#### [Task instructions]
Set out the records below again exactly; skip the images.

#### [Provided information]
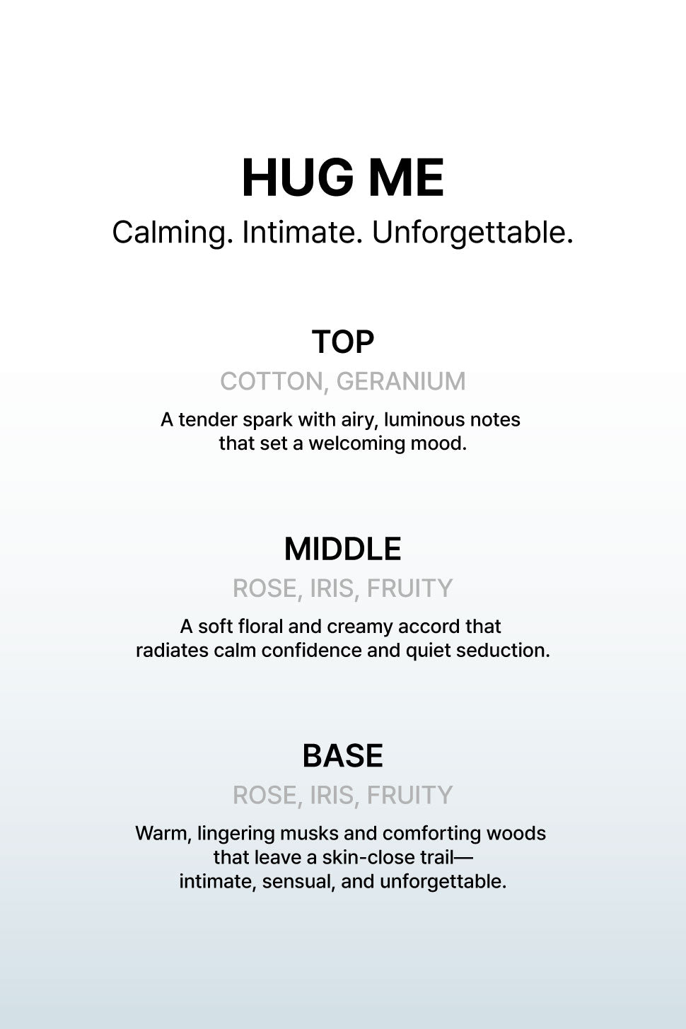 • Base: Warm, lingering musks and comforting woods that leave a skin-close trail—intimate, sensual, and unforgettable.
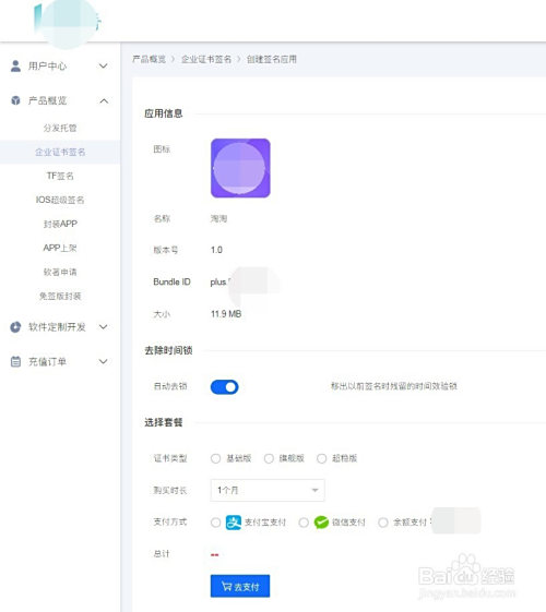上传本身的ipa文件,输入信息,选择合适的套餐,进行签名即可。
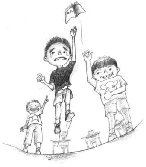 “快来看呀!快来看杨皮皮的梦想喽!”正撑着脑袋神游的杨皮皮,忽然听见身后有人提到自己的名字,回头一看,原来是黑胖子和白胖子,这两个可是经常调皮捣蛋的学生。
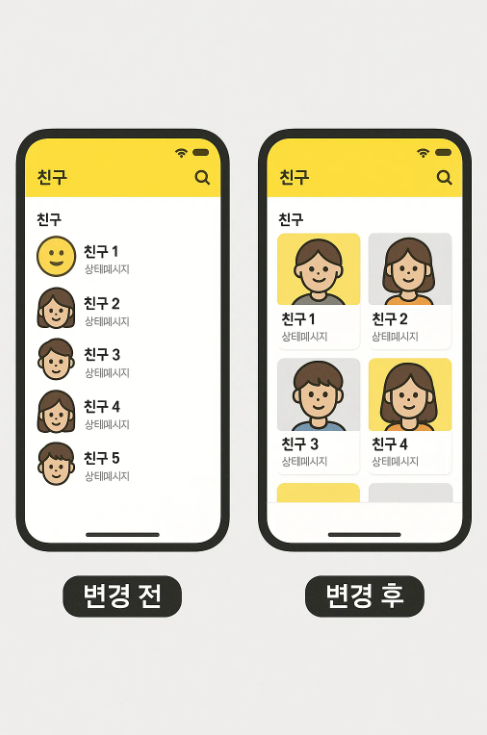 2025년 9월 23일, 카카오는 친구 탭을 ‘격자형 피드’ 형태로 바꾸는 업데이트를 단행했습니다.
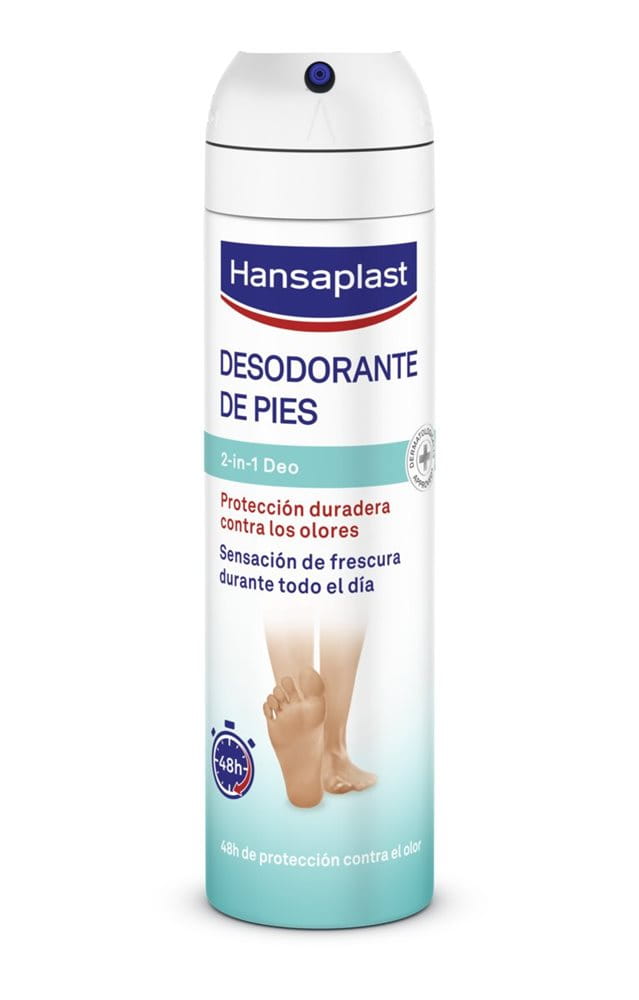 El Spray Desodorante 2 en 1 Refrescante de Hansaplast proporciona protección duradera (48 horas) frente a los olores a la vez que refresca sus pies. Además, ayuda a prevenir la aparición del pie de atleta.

#### [Task output]
 • Base: Warm, lingering musks and comforting woods that leave a skin-close trail—intimate, sensual, and unforgettable.
上传本身的ipa文件,输入信息,选择合适的套餐,进行签名即可。
 “快来看呀!快来看杨皮皮的梦想喽!”正撑着脑袋神游的杨皮皮,忽然听见身后有人提到自己的名字,回头一看,原来是黑胖子和白胖子,这两个可是经常调皮捣蛋的学生。
 2025년 9월 23일, 카카오는 친구 탭을 ‘격자형 피드’ 형태로 바꾸는 업데이트를 단행했습니다.
 El Spray Desodorante 2 en 1 Refrescante de Hansaplast proporciona protección duradera (48 horas) frente a los olores a la vez que refresca sus pies. Además, ayuda a prevenir la aparición del pie de atleta.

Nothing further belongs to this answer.